● **Problem**:
Keep every word of the entries and print them exactly; the pictures stay out.

The data below:

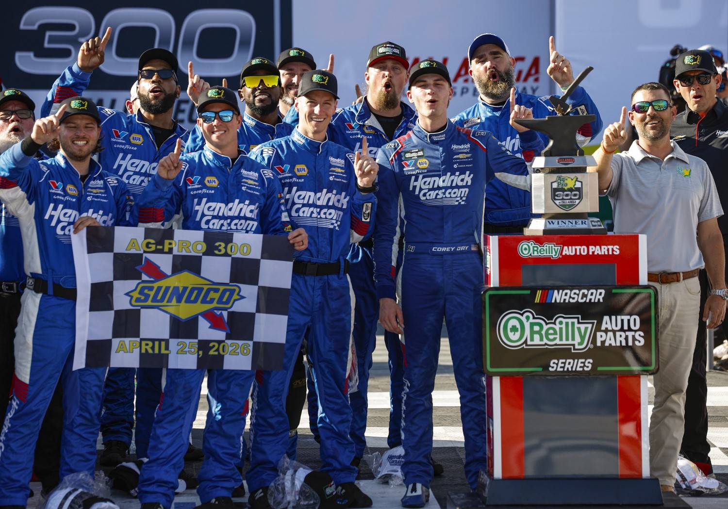 Day crossed the line under yellow and checkered flags, earning Hendrick Motorsports its first series win at Talladega and handing the organization its 100th victory across NASCAR’s national touring series. The moment was made even sweeter by the presence of former NFL star Jason Kelce, who suited up in Hendrick blue and worked tires on pit road as a guest crew member for the day.
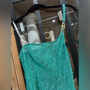 • Authentic Y2K-era turquoise sequin mini dress by Mona V Intimates
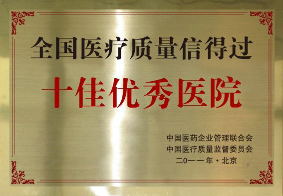 2011年10月,中国医疗质量监督委员会、中国医院企业管理联合会共同授予我院“全国医疗质量信得过十佳优秀医院”称号,以表彰我院在狠抓医疗质量管理工作中取得的突出成绩。本次评审十分严格,我院是在参审的全国数千家医疗机构中脱颖而出,得到评审单位的高度评价。
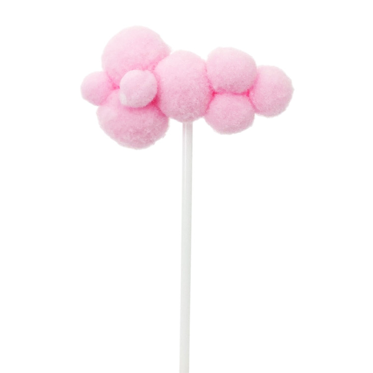 毛绒球云朵蛋糕装饰插件10个 立体生日甜品台烘焙插牌 白色粉蓝色
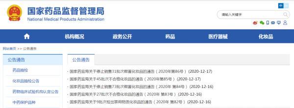 藥監(jiān)局發(fā)布關于27批次不合格化妝品的通告
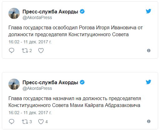 "Елбасы Қайрат Мәмиді Конституциялық кеңес төрағасы лауазымына тағайындады", делінген баспасөз қызметінің хабарламасында.
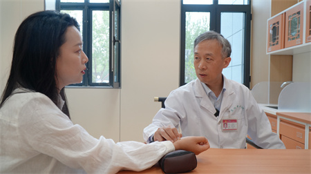 焦作市中青年名中醫、市中醫院腦病科三區主任宋漢秋為記者把脈問診。

End of The data.

● **Exercise answer**:
 Day crossed the line under yellow and checkered flags, earning Hendrick Motorsports its first series win at Talladega and handing the organization its 100th victory across NASCAR’s national touring series. The moment was made even sweeter by the presence of former NFL star Jason Kelce, who suited up in Hendrick blue and worked tires on pit road as a guest crew member for the day.
 • Authentic Y2K-era turquoise sequin mini dress by Mona V Intimates
 2011年10月,中国医疗质量监督委员会、中国医院企业管理联合会共同授予我院“全国医疗质量信得过十佳优秀医院”称号,以表彰我院在狠抓医疗质量管理工作中取得的突出成绩。本次评审十分严格,我院是在参审的全国数千家医疗机构中脱颖而出,得到评审单位的高度评价。
 毛绒球云朵蛋糕装饰插件10个 立体生日甜品台烘焙插牌 白色粉蓝色
 藥監(jiān)局發(fā)布關于27批次不合格化妝品的通告
 "Елбасы Қайрат Мәмиді Конституциялық кеңес төрағасы лауазымына тағайындады", делінген баспасөз қызметінің хабарламасында.
 焦作市中青年名中醫、市中醫院腦病科三區主任宋漢秋為記者把脈問診。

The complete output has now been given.